§ **DATA SEGMENT**:
####

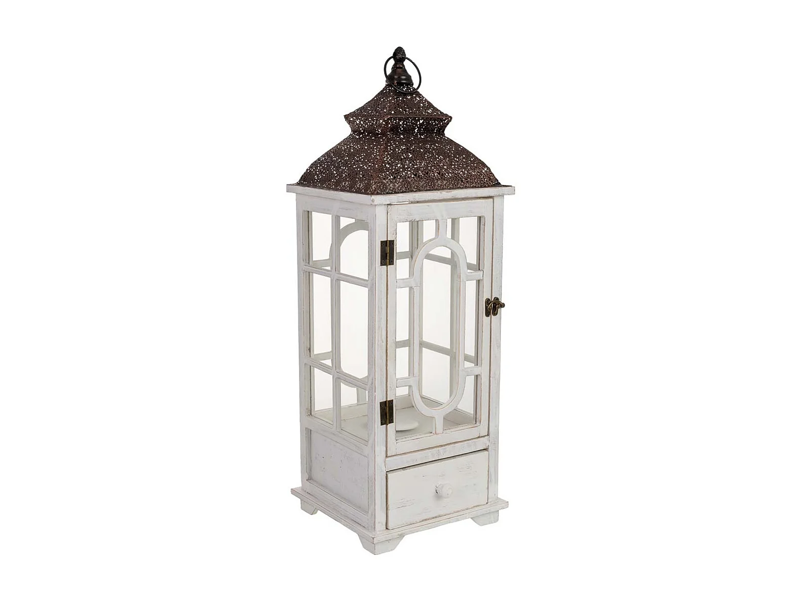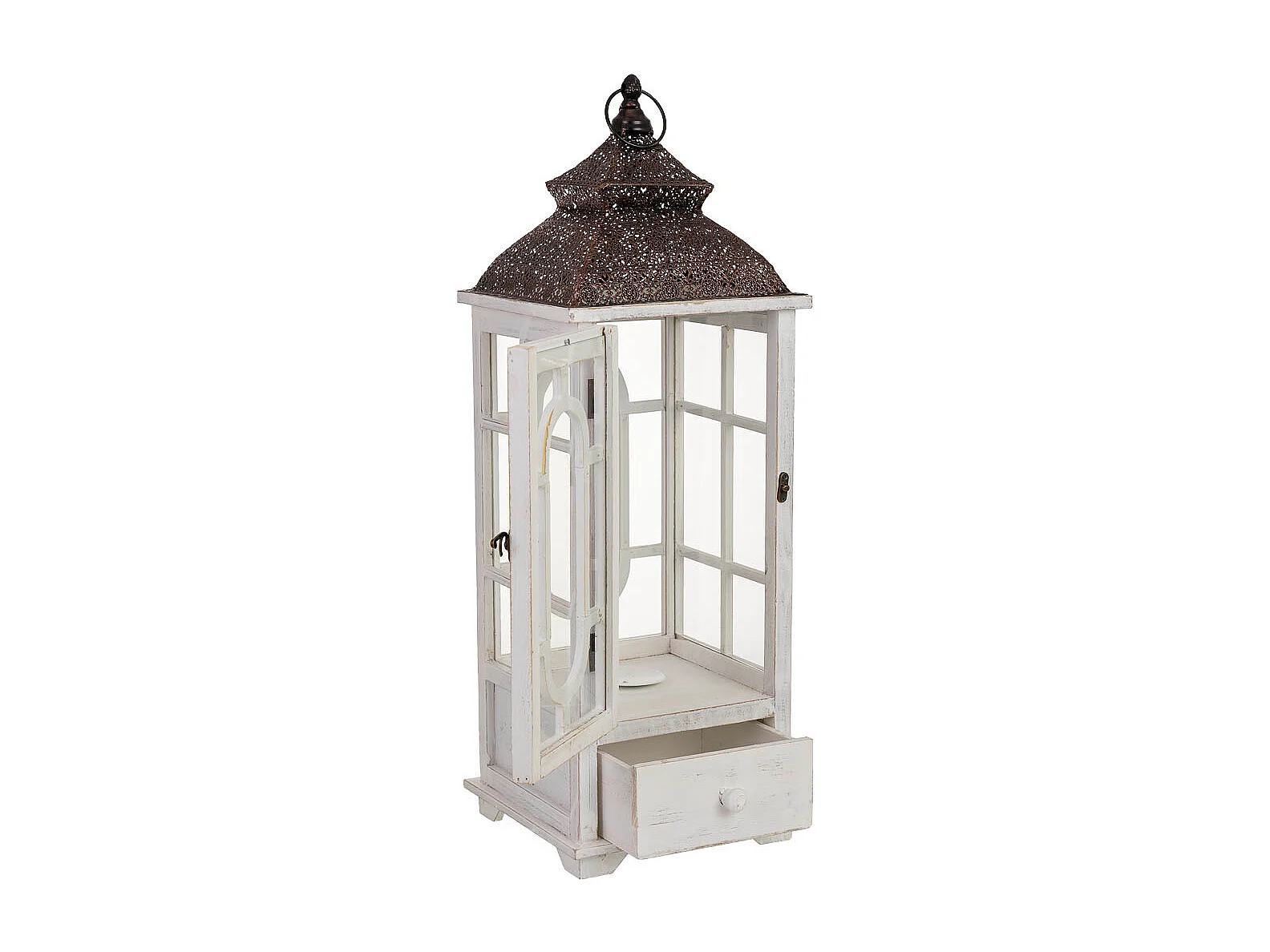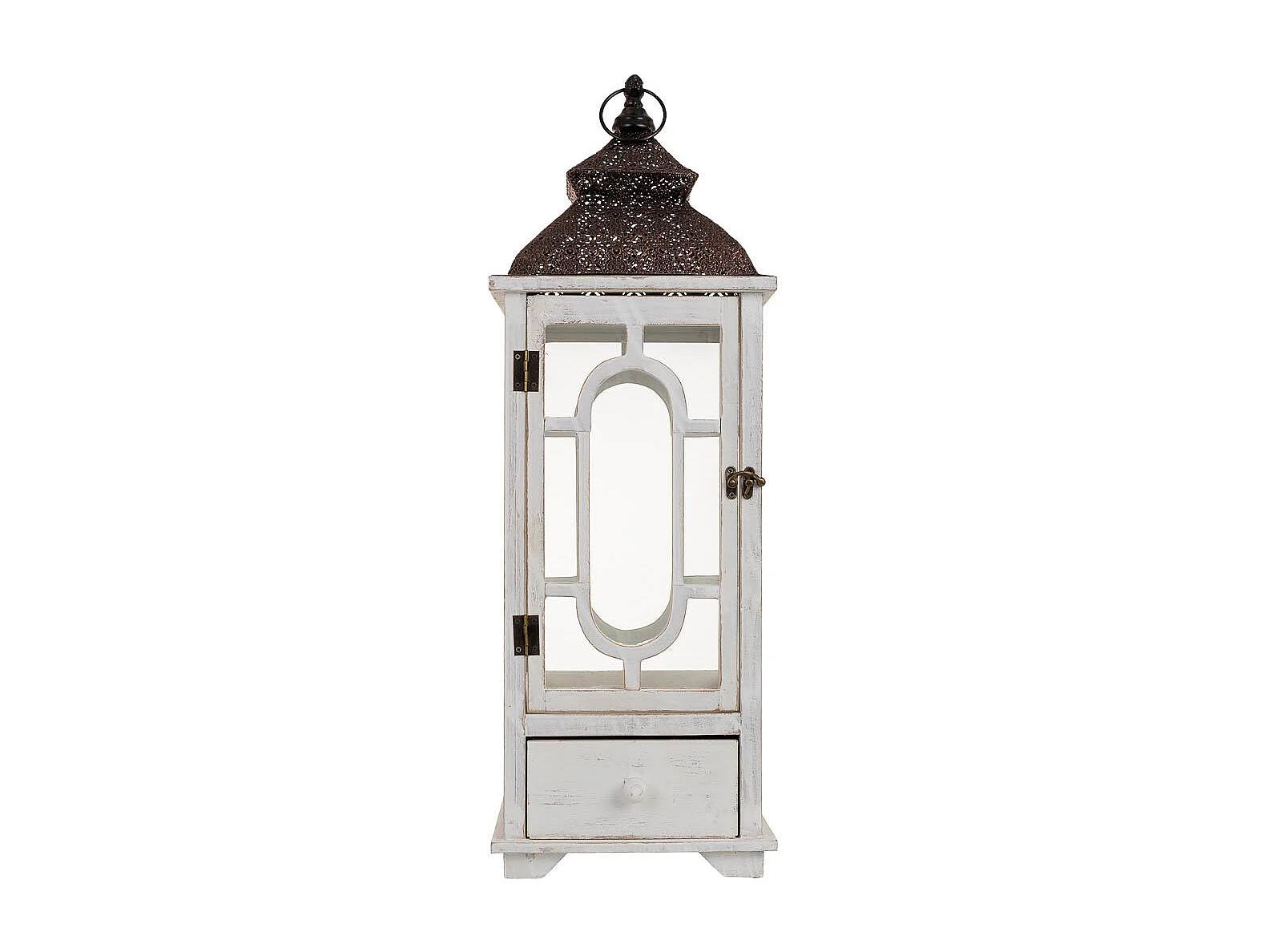 Lanternes jardin extérieur à poser bougie ancienne bois blanc 58-39cm
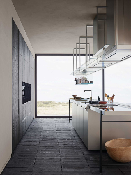 Продуманные аксессуары упрощают быт кулинаров. Среди них – инновационная «парящая» рабочая поверхность на ножках Minus или новая система вытяжек Infinity со встроенной системой освещения, которая дополнена стеклянными подвесными модулями-полками.
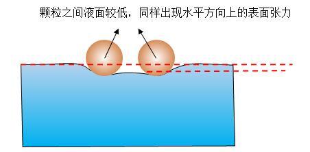 這時(shí),讓兩個(gè)親水的物體緩慢靠近,當(dāng)一個(gè)處于另外一個(gè)的毛細(xì)作用力范圍時(shí),由于毛細(xì)作用的相互耦合作用,兩個(gè)球形顆粒之間的液面會(huì)比兩側(cè)要高,這就打破了原來每個(gè)球形顆粒所受液體表面張力的對稱性,使表面張力的合力不再是垂直向下。出現(xiàn)了水平方向的分力,表現(xiàn)為相互吸引,如圖3。
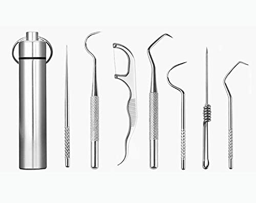 JDGMEI 8 Pcs Portable Keychain Toothpick,Riutilizzabili Raschietto Per Stuzzicadenti da Viaggio Stuzzicadenti in Acciaio Inossidabile Detergente per Denti in Metallo,per Picnic

####

§ **WORK REQUIRED**:
Once the pictures are set aside, give the listing again word for word.

§ **RESPONSE**:
 Lanternes jardin extérieur à poser bougie ancienne bois blanc 58-39cm
 Продуманные аксессуары упрощают быт кулинаров. Среди них – инновационная «парящая» рабочая поверхность на ножках Minus или новая система вытяжек Infinity со встроенной системой освещения, которая дополнена стеклянными подвесными модулями-полками.
 這時(shí),讓兩個(gè)親水的物體緩慢靠近,當(dāng)一個(gè)處于另外一個(gè)的毛細(xì)作用力范圍時(shí),由于毛細(xì)作用的相互耦合作用,兩個(gè)球形顆粒之間的液面會(huì)比兩側(cè)要高,這就打破了原來每個(gè)球形顆粒所受液體表面張力的對稱性,使表面張力的合力不再是垂直向下。出現(xiàn)了水平方向的分力,表現(xiàn)為相互吸引,如圖3。
 JDGMEI 8 Pcs Portable Keychain Toothpick,Riutilizzabili Raschietto Per Stuzzicadenti da Viaggio Stuzzicadenti in Acciaio Inossidabile Detergente per Denti in Metallo,per Picnic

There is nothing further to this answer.